§ **Task goal**
Copy out the listing that follows, exact in every word, and skip the images.

§ **Given information**

===============

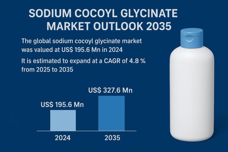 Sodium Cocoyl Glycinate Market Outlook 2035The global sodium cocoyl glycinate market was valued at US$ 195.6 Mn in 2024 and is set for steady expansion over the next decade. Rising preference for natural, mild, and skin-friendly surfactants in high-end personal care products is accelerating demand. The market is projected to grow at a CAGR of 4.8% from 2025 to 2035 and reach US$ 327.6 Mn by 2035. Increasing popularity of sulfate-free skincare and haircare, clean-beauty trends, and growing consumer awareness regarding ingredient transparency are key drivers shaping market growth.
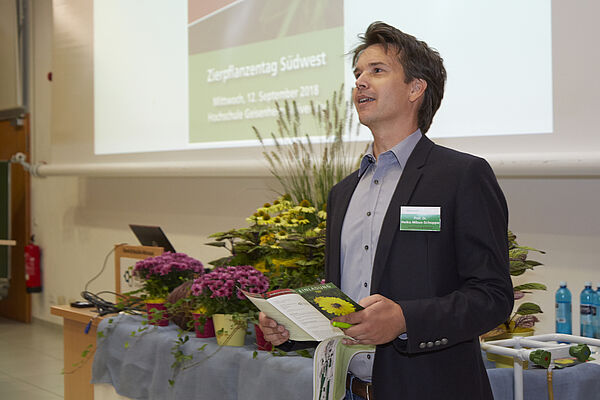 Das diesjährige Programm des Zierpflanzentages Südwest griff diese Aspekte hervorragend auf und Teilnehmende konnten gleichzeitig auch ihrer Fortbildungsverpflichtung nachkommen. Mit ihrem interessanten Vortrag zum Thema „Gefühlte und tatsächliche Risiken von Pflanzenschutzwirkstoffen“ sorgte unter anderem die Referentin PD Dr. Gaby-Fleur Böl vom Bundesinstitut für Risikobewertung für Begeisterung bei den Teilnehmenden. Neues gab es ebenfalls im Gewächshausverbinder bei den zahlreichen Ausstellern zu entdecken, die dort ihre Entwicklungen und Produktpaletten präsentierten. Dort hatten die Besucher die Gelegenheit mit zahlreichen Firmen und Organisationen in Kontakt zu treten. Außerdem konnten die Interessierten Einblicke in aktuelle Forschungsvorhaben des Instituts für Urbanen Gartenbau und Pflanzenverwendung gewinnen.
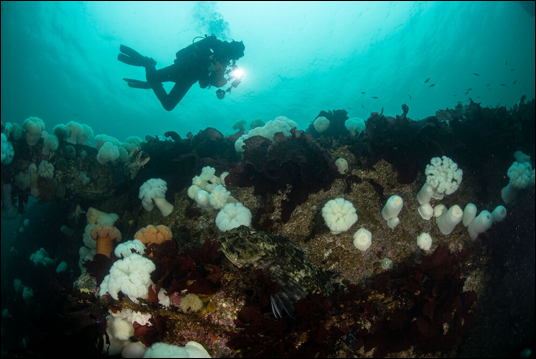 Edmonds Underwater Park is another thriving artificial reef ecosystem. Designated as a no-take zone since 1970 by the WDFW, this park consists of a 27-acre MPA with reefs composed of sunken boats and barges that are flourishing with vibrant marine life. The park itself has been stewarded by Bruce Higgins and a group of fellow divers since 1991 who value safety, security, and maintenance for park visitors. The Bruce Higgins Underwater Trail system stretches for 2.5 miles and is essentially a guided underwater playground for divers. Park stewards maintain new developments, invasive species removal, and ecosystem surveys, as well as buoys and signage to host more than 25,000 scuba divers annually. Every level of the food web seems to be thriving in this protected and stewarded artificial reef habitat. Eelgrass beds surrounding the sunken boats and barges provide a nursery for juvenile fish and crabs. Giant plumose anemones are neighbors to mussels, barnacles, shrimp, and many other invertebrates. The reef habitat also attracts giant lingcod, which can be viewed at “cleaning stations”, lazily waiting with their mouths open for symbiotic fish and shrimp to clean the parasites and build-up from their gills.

===============

§ **Result below**
 Sodium Cocoyl Glycinate Market Outlook 2035The global sodium cocoyl glycinate market was valued at US$ 195.6 Mn in 2024 and is set for steady expansion over the next decade. Rising preference for natural, mild, and skin-friendly surfactants in high-end personal care products is accelerating demand. The market is projected to grow at a CAGR of 4.8% from 2025 to 2035 and reach US$ 327.6 Mn by 2035. Increasing popularity of sulfate-free skincare and haircare, clean-beauty trends, and growing consumer awareness regarding ingredient transparency are key drivers shaping market growth.
 Das diesjährige Programm des Zierpflanzentages Südwest griff diese Aspekte hervorragend auf und Teilnehmende konnten gleichzeitig auch ihrer Fortbildungsverpflichtung nachkommen. Mit ihrem interessanten Vortrag zum Thema „Gefühlte und tatsächliche Risiken von Pflanzenschutzwirkstoffen“ sorgte unter anderem die Referentin PD Dr. Gaby-Fleur Böl vom Bundesinstitut für Risikobewertung für Begeisterung bei den Teilnehmenden. Neues gab es ebenfalls im Gewächshausverbinder bei den zahlreichen Ausstellern zu entdecken, die dort ihre Entwicklungen und Produktpaletten präsentierten. Dort hatten die Besucher die Gelegenheit mit zahlreichen Firmen und Organisationen in Kontakt zu treten. Außerdem konnten die Interessierten Einblicke in aktuelle Forschungsvorhaben des Instituts für Urbanen Gartenbau und Pflanzenverwendung gewinnen.
 Edmonds Underwater Park is another thriving artificial reef ecosystem. Designated as a no-take zone since 1970 by the WDFW, this park consists of a 27-acre MPA with reefs composed of sunken boats and barges that are flourishing with vibrant marine life. The park itself has been stewarded by Bruce Higgins and a group of fellow divers since 1991 who value safety, security, and maintenance for park visitors. The Bruce Higgins Underwater Trail system stretches for 2.5 miles and is essentially a guided underwater playground for divers. Park stewards maintain new developments, invasive species removal, and ecosystem surveys, as well as buoys and signage to host more than 25,000 scuba divers annually. Every level of the food web seems to be thriving in this protected and stewarded artificial reef habitat. Eelgrass beds surrounding the sunken boats and barges provide a nursery for juvenile fish and crabs. Giant plumose anemones are neighbors to mussels, barnacles, shrimp, and many other invertebrates. The reef habitat also attracts giant lingcod, which can be viewed at “cleaning stations”, lazily waiting with their mouths open for symbiotic fish and shrimp to clean the parasites and build-up from their gills.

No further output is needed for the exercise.